DIRECTIONS FOR THIS TASK.
Give again, word for word, each line below starting at the one that contains "This is a no-reserve" and ending at the one that contains "Buy Wellice Professional".
------ EXCERPTED RECORDS ------
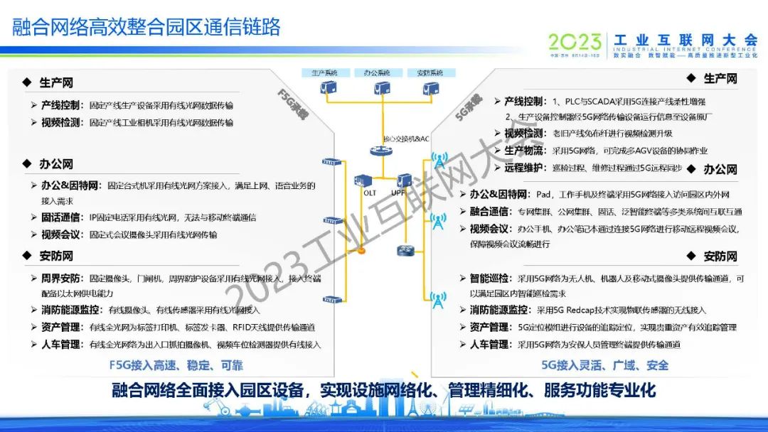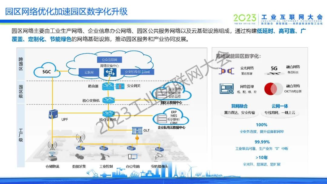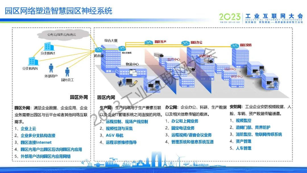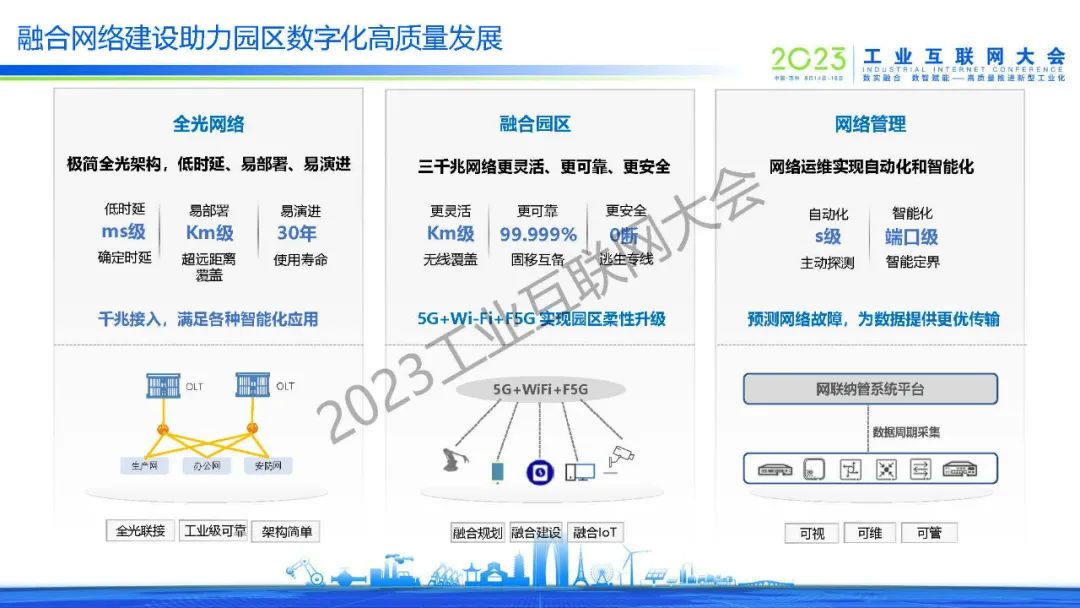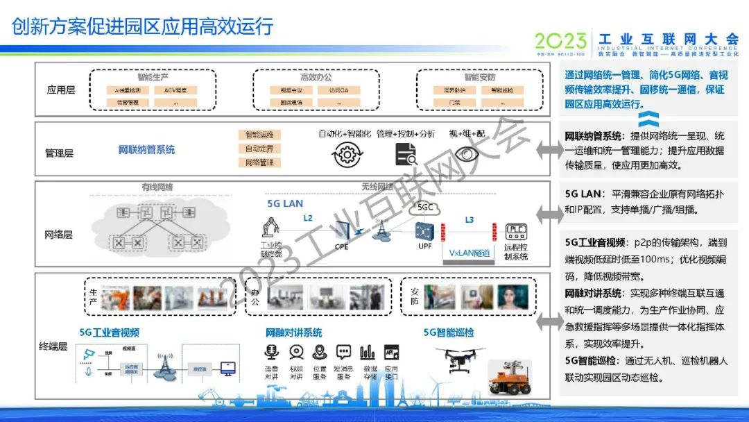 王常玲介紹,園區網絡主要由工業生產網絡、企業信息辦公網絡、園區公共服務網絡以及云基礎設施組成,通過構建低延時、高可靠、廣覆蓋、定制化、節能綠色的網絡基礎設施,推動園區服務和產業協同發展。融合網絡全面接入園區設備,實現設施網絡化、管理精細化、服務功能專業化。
------
------ EXCERPTED RECORDS ------
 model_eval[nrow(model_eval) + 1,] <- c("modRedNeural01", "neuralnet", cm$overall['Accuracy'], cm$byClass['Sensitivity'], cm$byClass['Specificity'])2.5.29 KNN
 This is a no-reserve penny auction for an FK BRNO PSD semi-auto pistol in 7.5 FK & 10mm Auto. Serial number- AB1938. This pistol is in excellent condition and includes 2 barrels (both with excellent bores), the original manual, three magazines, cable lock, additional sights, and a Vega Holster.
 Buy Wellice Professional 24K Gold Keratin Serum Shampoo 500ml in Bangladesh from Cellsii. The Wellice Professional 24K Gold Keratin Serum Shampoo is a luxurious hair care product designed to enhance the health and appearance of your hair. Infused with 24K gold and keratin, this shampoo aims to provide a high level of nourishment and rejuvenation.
------
------ EXCERPTED RECORDS ------
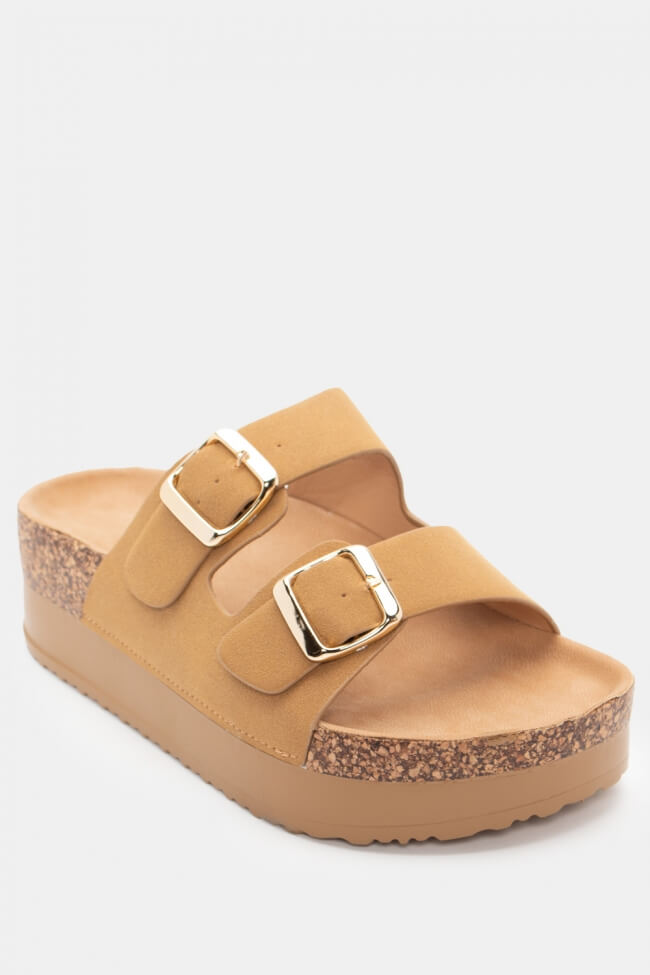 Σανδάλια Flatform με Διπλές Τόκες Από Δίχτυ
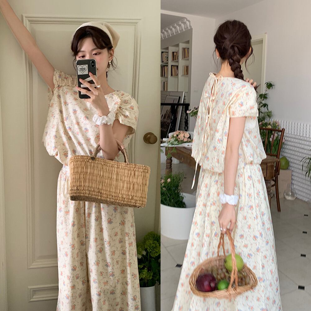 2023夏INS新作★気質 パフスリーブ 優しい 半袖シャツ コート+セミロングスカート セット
------
WRITTEN SOLUTION.
 This is a no-reserve penny auction for an FK BRNO PSD semi-auto pistol in 7.5 FK & 10mm Auto. Serial number- AB1938. This pistol is in excellent condition and includes 2 barrels (both with excellent bores), the original manual, three magazines, cable lock, additional sights, and a Vega Holster.
 Buy Wellice Professional 24K Gold Keratin Serum Shampoo 500ml in Bangladesh from Cellsii. The Wellice Professional 24K Gold Keratin Serum Shampoo is a luxurious hair care product designed to enhance the health and appearance of your hair. Infused with 24K gold and keratin, this shampoo aims to provide a high level of nourishment and rejuvenation.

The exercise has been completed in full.